**Available data**
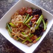 干河粉、鸡蛋、西红柿、木耳、骨肉相连、蒜薹、盐、老抽。
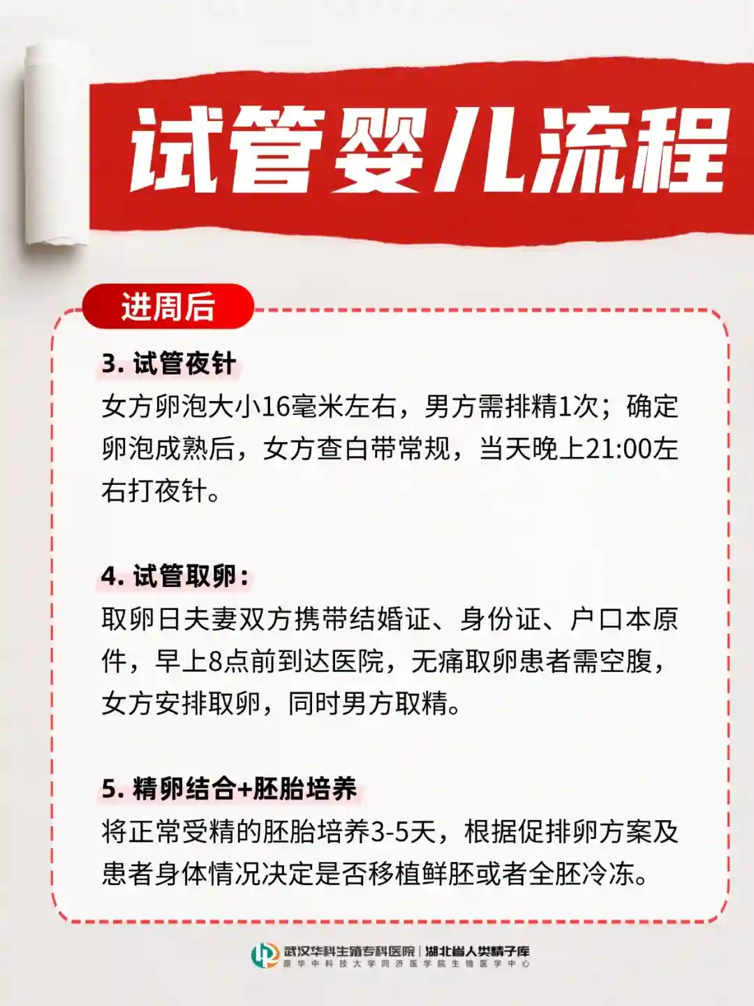 女方卵泡大小16毫米左右,男方需排精1次;确定卵泡成熟后,女方查白带常规,当天晚上21:00左右打夜针。
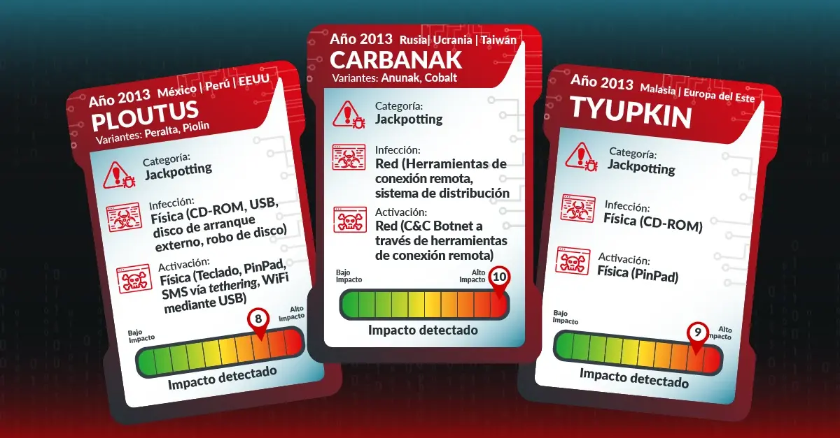 - Famílias de malware como Ploutus, Tyupkin, Carbanak e o novo EU ATM permitem esvaziar caixas ou roubar dados com alto grau de automação.
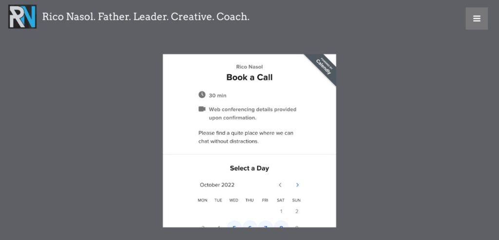 Coaching with Rico is a one-on-one meeting with Rico Nasol. He coaches marketers in his 4Cs program to leadership development. You can start by booking a call with him according to the date and time available.
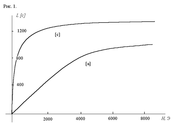 Рис.1. Кривые намагничивания I(Н) монокристалла кобальта, снятые
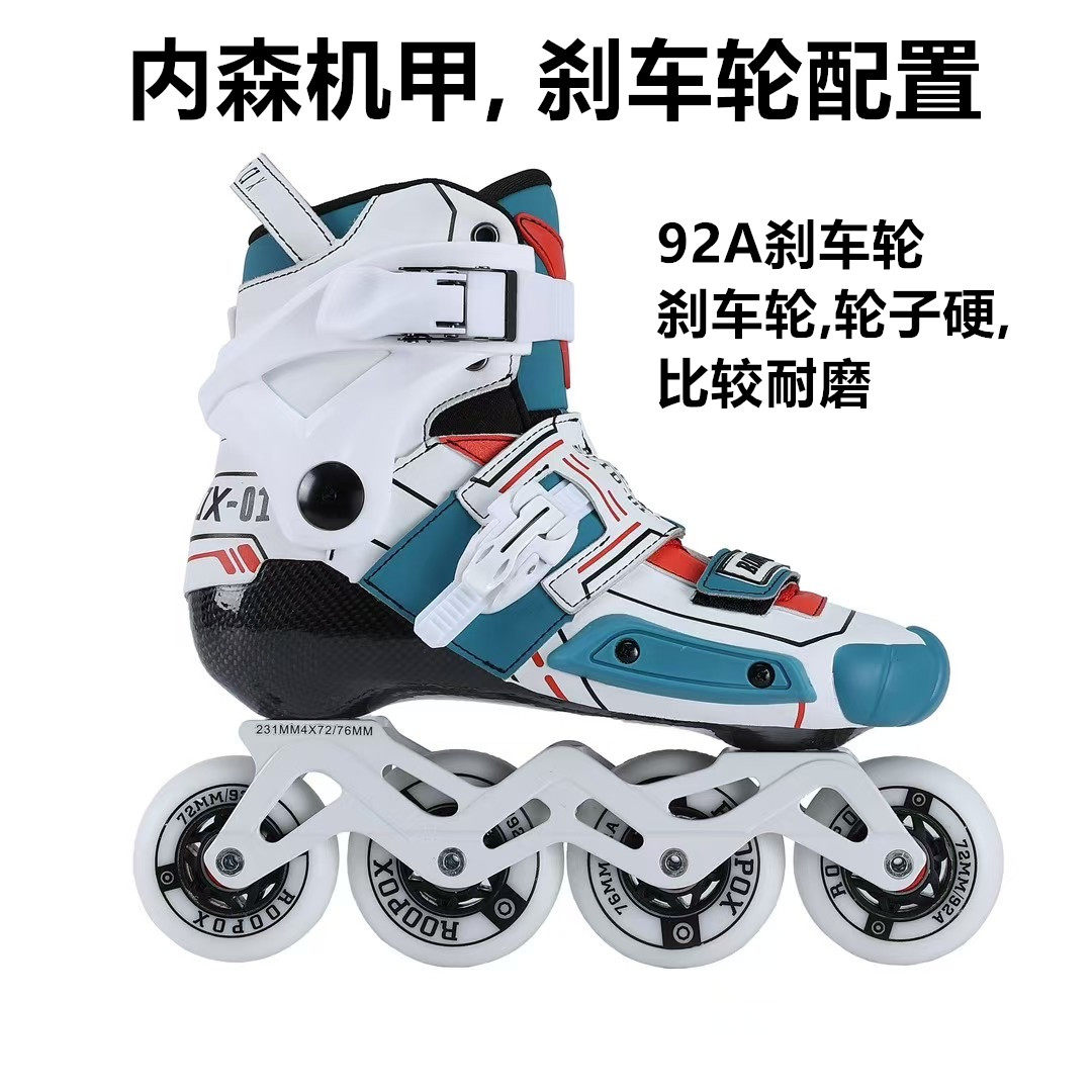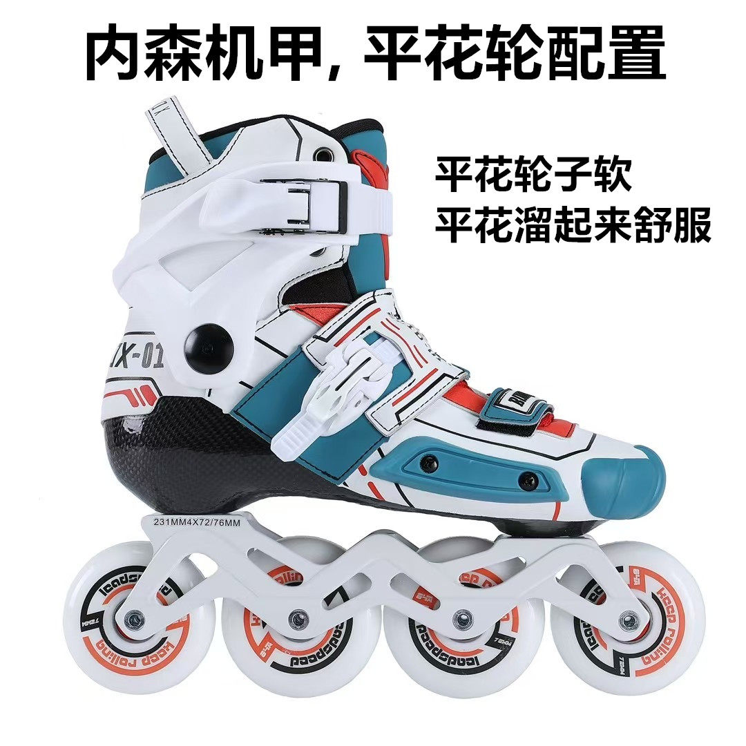 淘宝新款内森机甲碳纤平花刹车鞋HV轮滑鞋大橘溜冰鞋花式鞋直排轮成人
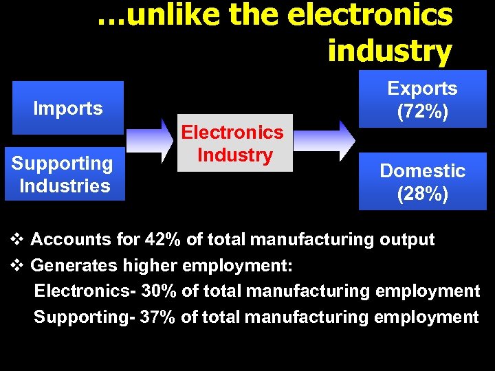 …unlike the electronics industry Imports Supporting Industries Electronics Industry Exports (72%) Domestic (28%) v Accounts for 42% of total manufacturing output v Generates higher employment: Electronics- 30% of total manufacturing employment Supporting- 37% of total manufacturing employment
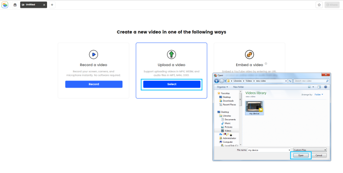 此方法可帮助您将本地视频直接上传到Gemoo库。Gemoo支持上传MP4,WEBM中的视频以及MP3,M4A,OGG中的音频文件。加载的视频将保存到 Gemoo 库。
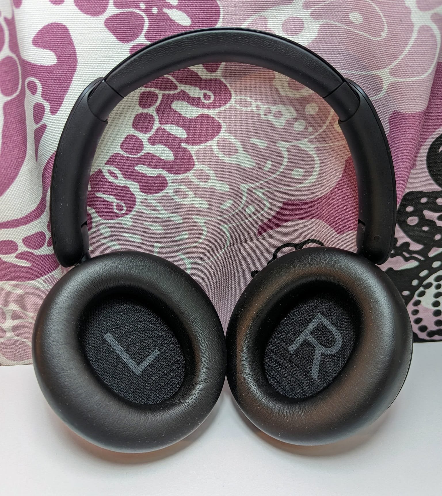 Muotonsa puolesta Q45:n pehmusteet ovat hyvät, sillä omat hieman suuremmat korvani mahtuvat niiden sisään helposti. Korva-aukko on 65 mm korkea ja 45 mm leveä, ja syvyyttä on noin 23 mm. Vertailun vuoksi syvyyttä on Q30-mallissa pari milliä vähemmän, ja Valcon VMK20:ssä noin sentti vähemmän. Q45 sopiikin syvine pehmusteineen erinomaisesti niille, jotka eivät pidä siitä, että pehmusteen pohjakangas painautuu on-ear-tyylisesti korvanlehtiä vasten.
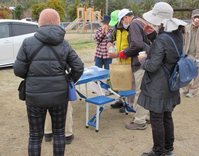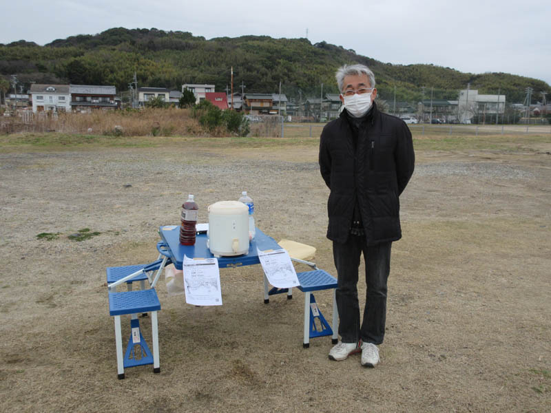 緑ヶ崎グランドの休憩場所に到着です。3月はいえ、まだ暖かいお茶の方がいいです |
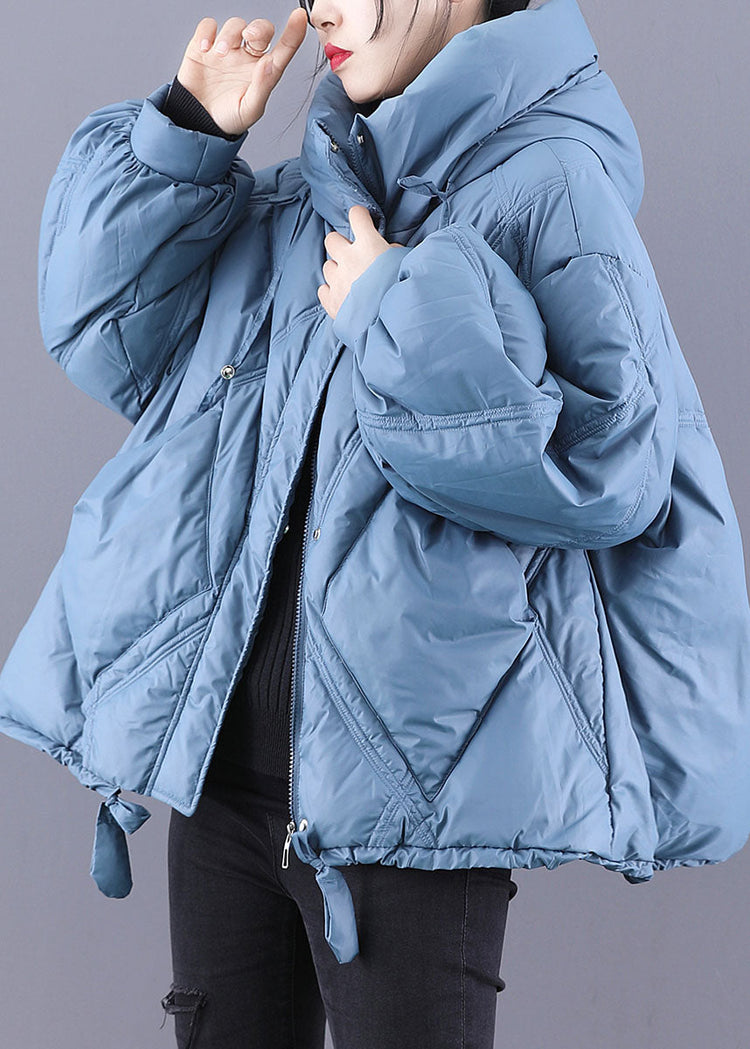 Unique Blue Hooded Cloak Warm Winter Duck Down Puffers Coat
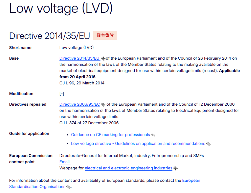 | 低電圧指令(LVD) | 2014/35/EU | 電気製品の安全 |

**Work to complete**
Exactly as they stand, set down all of the entries above, minus every picture.

**Answer below**
 干河粉、鸡蛋、西红柿、木耳、骨肉相连、蒜薹、盐、老抽。
 女方卵泡大小16毫米左右,男方需排精1次;确定卵泡成熟后,女方查白带常规,当天晚上21:00左右打夜针。
 - Famílias de malware como Ploutus, Tyupkin, Carbanak e o novo EU ATM permitem esvaziar caixas ou roubar dados com alto grau de automação.
 Coaching with Rico is a one-on-one meeting with Rico Nasol. He coaches marketers in his 4Cs program to leadership development. You can start by booking a call with him according to the date and time available.
 Рис.1. Кривые намагничивания I(Н) монокристалла кобальта, снятые
 淘宝新款内森机甲碳纤平花刹车鞋HV轮滑鞋大橘溜冰鞋花式鞋直排轮成人
 …unlike the electronics industry Imports Supporting Industries Electronics Industry Exports (72%) Domestic (28%) v Accounts for 42% of total manufacturing output v Generates higher employment: Electronics- 30% of total manufacturing employment Supporting- 37% of total manufacturing employment
 此方法可帮助您将本地视频直接上传到Gemoo库。Gemoo支持上传MP4,WEBM中的视频以及MP3,M4A,OGG中的音频文件。加载的视频将保存到 Gemoo 库。
 Muotonsa puolesta Q45:n pehmusteet ovat hyvät, sillä omat hieman suuremmat korvani mahtuvat niiden sisään helposti. Korva-aukko on 65 mm korkea ja 45 mm leveä, ja syvyyttä on noin 23 mm. Vertailun vuoksi syvyyttä on Q30-mallissa pari milliä vähemmän, ja Valcon VMK20:ssä noin sentti vähemmän. Q45 sopiikin syvine pehmusteineen erinomaisesti niille, jotka eivät pidä siitä, että pehmusteen pohjakangas painautuu on-ear-tyylisesti korvanlehtiä vasten.
 緑ヶ崎グランドの休憩場所に到着です。3月はいえ、まだ暖かいお茶の方がいいです |
 Unique Blue Hooded Cloak Warm Winter Duck Down Puffers Coat
 | 低電圧指令(LVD) | 2014/35/EU | 電気製品の安全 |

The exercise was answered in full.